Violation of The Exclusionary Rule

On appeal, appellant contends that the trial court erred by considering the prior drug offenses when the charges for those offenses had been dismissed. Appellant asserts that the trial court's consideration of the prior offenses violated the Fourth Amendment's exclusionary rule. See U.S. Const. amend. IV.

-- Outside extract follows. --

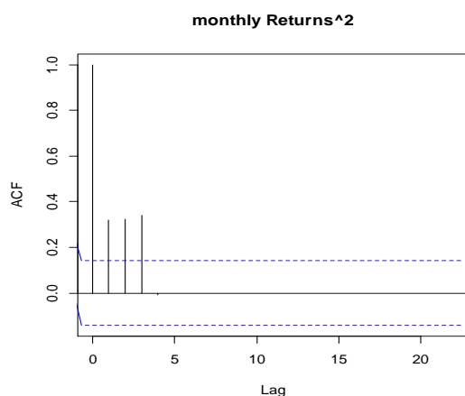
Figure 4.2: ACF Squared returns

The ACFs suggest significant serial correlation or in other words conditional heteroscedasticity in the standardized residual series. Big percentage changes occurred occasionally, but there were certain stable periods as shown in Figure 4.10 and 4.11. Figure 4.12 shows sample residence debt levels and clearly the series has no serial correlation. This findings are consistent with that of (Davis & Presno, 2014) on Capital Controls as an Instrument of Monetary Policy saying Large swings in capital flows into and out of emerging markets can potentially lead to excessive volatility in asset prices and credit supply thus need for the use of capital controls. The findings revealed that volatility of inflows has a positive influence on monetary policy in Kenya. The findings are supported by the coefficient determination which shows that the variations in volatility of inflows is explained by money supply and interest rates in the short term.

We agree with the State that appellant's complaint on appeal was not preserved for our review. Appellant did not assert at the PSI hearing that the trial court should not consider the earlier, dismissed offenses because such consideration would violate the exclusionary rule. To the contrary, defense counsel told the trial court that the fact that appellant had a "successful result" in obtaining the earlier dismissals was "not important." Moreover, appellant does not assert on appeal that he objected in the trial court based on the exclusionary rule. Rather, appellant contends simply that the trial court should not have considered the previous offenses because appellant pointed out in the supplement to the PSI report and at the PSI hearing that the earlier cases had been dismissed.

To preserve a complaint for our review, a party must make a timely, specific objection, Tex. R. App. P. 33.1(a)(1), and the complaint made on appeal must match the objection made at trial. Broxton v. State, 909 S.W.2d 912, 918 (Tex. Crim. App. 1995). The Court of Criminal Appeals has made clear that "even constitutional errors may be waived by failure to object at trial." Id. Thus, appellant's failure to object in the trial court to the court's consideration of the earlier, dismissed offenses based on the exclusionary rule waives such complaint on appeal.

Moreover, even if we assume that appellant raised the identical complaint that he now raises on appeal in the supplement to the PSI report, appellant has nonetheless not preserved his complaint. As discussed, defense counsel specifically told the trial court that the dismissal of the earlier offenses was of "no importance." Instead, the defense argued that appellant was a changed person who was now willing to accept responsibility and was remorseful. Thus, to the extent that the supplement to the PSI report contained the complaint now asserted on appeal, such complaint was abandoned by appellant during the PSI hearing. See Cole v. State, 194 S.W.3d 538, 545 (Tex. App.--Houston [1st Dist.] 2006, pet. ref'd) (citing Purtell v. State, 761 S.W.2d 360, 366 (Tex. Crim. App. 1988) (noting, "When a defendant creates the impression that he is abandoning his objection, his initial objection is insufficient to preserve the error for appeal.") In addition, assuming that the supplement to the PSI report contained the claimed objection, appellant waived that objection by failing to obtain a ruling on it in the trial court. See Tex. R. App. P. 33.1(a)(2); Dixon v. State, 2 S.W.3d 263, 265 (Tex. Crim. App. 1998) (recognizing that complaining party must obtain adverse ruling from trial court to preserve complaint for appellate review).

We overrule appellant's sole issue.

Conclusion

We affirm the judgment of the trial court.







Laura Carter Higley

Justice



Panel consists of Chief Justice Radack and Justice Keyes and Higley.



Do not publish. Tex. R. App. P. 47.2(b).

1.See Tex. Health & Safety Code Ann. § 481.115(a), (e) (Vernon 2003); see also id. § 481.102(3)(A) (Vernon Supp. 2006).

2.As noted by the Court of Criminal Appeals, because the PSI Report is "confidential" by law, it is not required to be made a part of the appellate record and thus is not usually included in the record. Brewer v. State, No. 1270-03, 2004 WL 3093224, at *4 (Tex. Crim. App. May 19, 2004) (not designated for publication); see Tex. Code Crim. Proc. Ann. art. 42.12, § 9(j) (Vernon 2006).